138:4.4 Po nocnym odpoczynku cała grupa, teraz w liczbie jedenastu, wróciła łodzią do Tarichei.
138:5.1 Tomasz rybak i Judasz wędrowiec spotkali Jezusa i apostołów na pomoście dla łodzi rybackich w Tarichei i Tomasz poprowadził grupę do swojego, położonego w pobliżu domu. Teraz Filip przedstawił Tomasza, jako nominowanego przez siebie do apostolstwa a Nataniel przedstawił Judasza Iskariotę, Judejczyka, do takich samych zaszczytów. Jezus, patrząc na Tomasza, powiedział: „Tomaszu, brakuje ci wiary, tym niemniej przyjmuję cię. Pójdź ze mną”. Judaszowi Iskariocie Mistrz powiedział: „Judaszu, wszyscy jesteśmy z jednego ciała i biorę cię pomiędzy nas i modlę się, abyś zawsze był lojalny swoim galilejskim braciom. Pójdź ze mną”.
138:5.2 Kiedy się wszyscy pokrzepili, Jezus na jakiś czas oddalił się z Dwunastoma, żeby się modlić i uczyć ich o naturze i pracy Ducha Świętego, ale znowu w znacznym stopniu nie zrozumieli znaczenia tych wspaniałych prawd, których próbował ich uczyć. Jeden potrafił uchwycić jeden punkt, drugi mógł zrozumieć inny, ale żaden z nich nie mógł pojąć całego nauczania. Zawsze popełniali ten błąd, że próbowali dopasować nową ewangelię Jezusa do starych form ich wierzeń religijnych. Nie mogli pojąć idei, że Jezus przyszedł głosić nową ewangelię zbawienia i ustanowić nową drogę odkrywania Boga; nie mogli zrozumieć tego, że on był nowym objawieniem Ojca w niebie.

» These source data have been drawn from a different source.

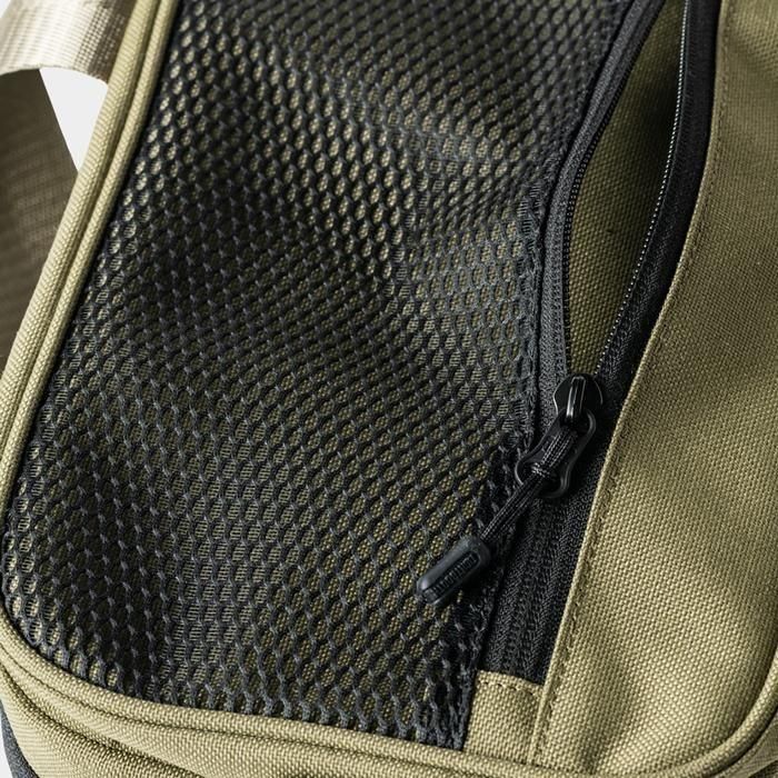 短めのハンドルと、取り外し可能なロングストラップを装備しているので、手で持っても肘や肩にかけての持ち運びも可能。
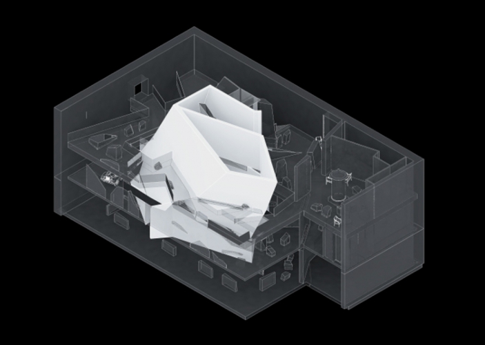 W wysokiej hali, w której mieści się wystawa, zaprojektowany został tzw. element centralny w postaci efektownego wydłużonego kryształu – białej bryły od podłogi aż po sufit przez trzy poziomy. Wewnątrz elementu centralnego znajdą się strefy niechronologiczne wystawy – krytyka, festiwale i na samym dole strefa dla dzieci. Zwiedzający na każdym poziomie będzie mógł przechodzić przez te strefy wewnątrz bryły i konfrontować widzenie kina przez widza z perspektywą krytyków, animatorów i kultury filmowej.
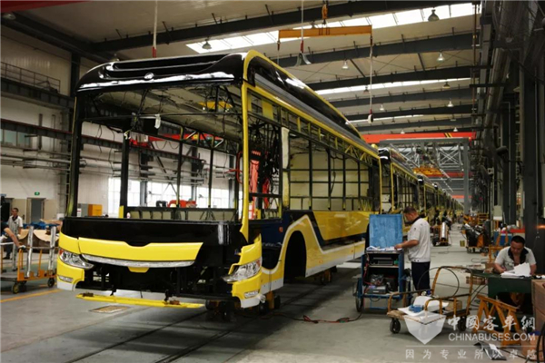 2019年端午节过后,丹东黄海客车事业部的四大生产车间纷纷进入哈尔滨公交公司501台新能源公交订单批产的“大干”高潮中。
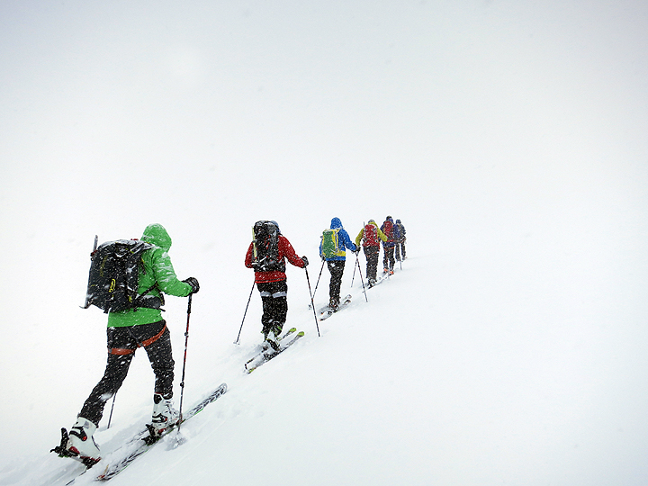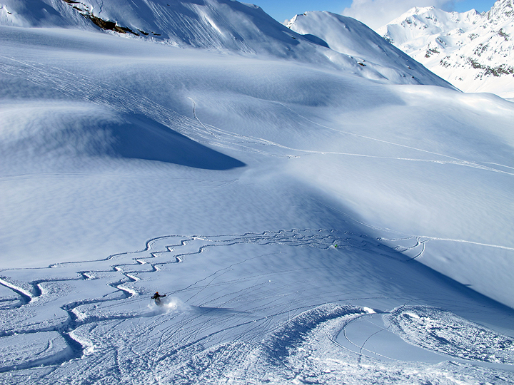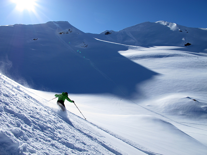 A short afternoon skin up the slopes above the hut for a wee patch o' powder, La Luette in the background. |
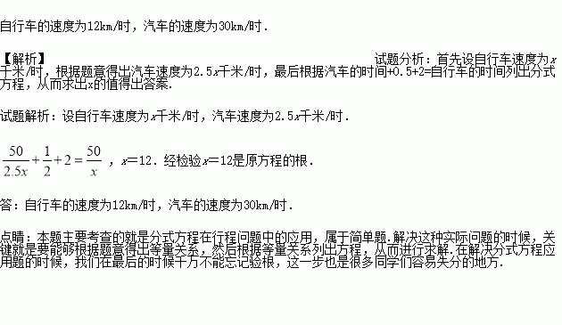甲、乙两地相距50km,A骑自行车,B乘汽车,同时从甲城出发去乙城.已知汽车的速度是自行车速度的2.5倍,B中途休息了0.5小时还比A早到2小时,求自行车和汽车的速度.
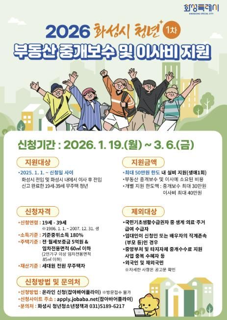 [ 중앙뉴스미디어 ] 화성특례시가 19일부터 3월 6일까지 청년들의 주거비 부담 경감 및 정주 여건 향상을 위한 ‘2026년 상반기 청년 부동산 중개보수 및 이사비 지원사업’ 신청을 받는다.
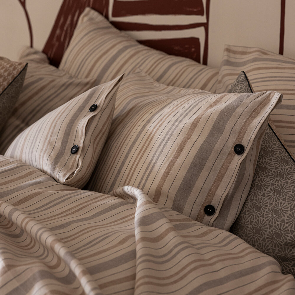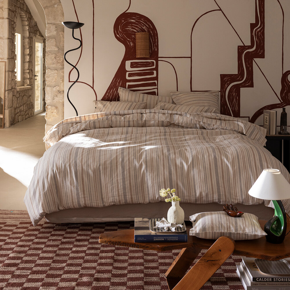 Under the southern sun, warmth wraps the tadelakt houses and reveals the simple beauty of a craft passed down through generations. Inspired by the tents of North African shepherds, the stripes of the Dune collection celebrate this ancestral heritage. Shades of sand and deep blue capture the light and the gentle movement of the dunes.
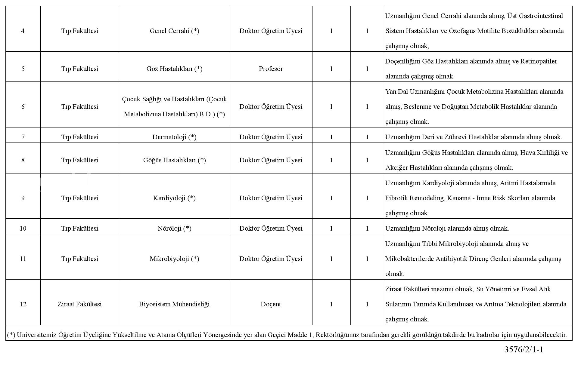 Üniversitemiz ünitelerine; 2547 sayılı Kanunun, Öğretim Üyeliğine Yükseltilme ve Atanma Yönetmeliğinin ve Üniversitemiz Öğretim Üyeliğine Yükseltilme ve Atanma Ölçütleri Yönergesinin ilgili unsurlarına nazaran öğretim üyesi alınacaktır. Müracaat edecek adayların Devlet hizmetine girmede aranılan genel kaidelere sahip olmaları gerekmektedir.

138:5.3 Następnego dnia Jezus zostawił swoich dwunastu apostołów zupełnie samych; chciał, żeby oswoili się z tematem i żeby sami mogli omówić od początku wszystko to, czego ich nauczał. Mistrz wrócił na posiłek wieczorny a po kolacji mówił im o służbie serafinów i niektórzy z apostołów zrozumieli jego naukę. W nocy odpoczęli a następnego dnia odpłynęli łodzią do Kafarnaum.
138:5.4 Zebedeusz i Salome poszli mieszkać ze swym synem, Dawidem, w ten sposób ich duży dom udostępniono Jezusowi i jego dwunastu apostołom. Tutaj Jezus spędził cichy szabat ze swymi wybranymi posłańcami; pieczołowicie nakreślił im plany głoszenia królestwa i dokładnie wytłumaczył ważność unikania jakiegokolwiek konfliktu z władzą państwową, mówiąc: „Jeśli trzeba będzie upomnieć władców państwowych, zostawcie tę sprawę mnie. Uważajcie, aby nie potępiać cesarza i jego służby”. Tego samego wieczora Judasz Iskariota wziął Jezusa na bok, żeby się dowiedzieć, dlaczego nic się nie robi, aby uwolnić Jana z więzienia. Judasz nie był w pełni usatysfakcjonowany postawą Jezusa.
138:6.1 W programie następnego tygodnia było intensywne szkolenie. Każdego dnia sześciu nowych apostołów oddawano w ręce tych, którzy ich mianowali, w celu gruntownego przeglądu wszystkiego tego, czego się nauczyli i przeżyli podczas przygotowań do pracy dla królestwa. Starsi apostołowie robili dokładne powtórki tego, czego ich Jezus dotąd nauczał, na pożytek sześciu młodszych. Wieczorem wszyscy się gromadzili w ogrodzie Zebedeusza, żeby słuchać nauk Jezusa.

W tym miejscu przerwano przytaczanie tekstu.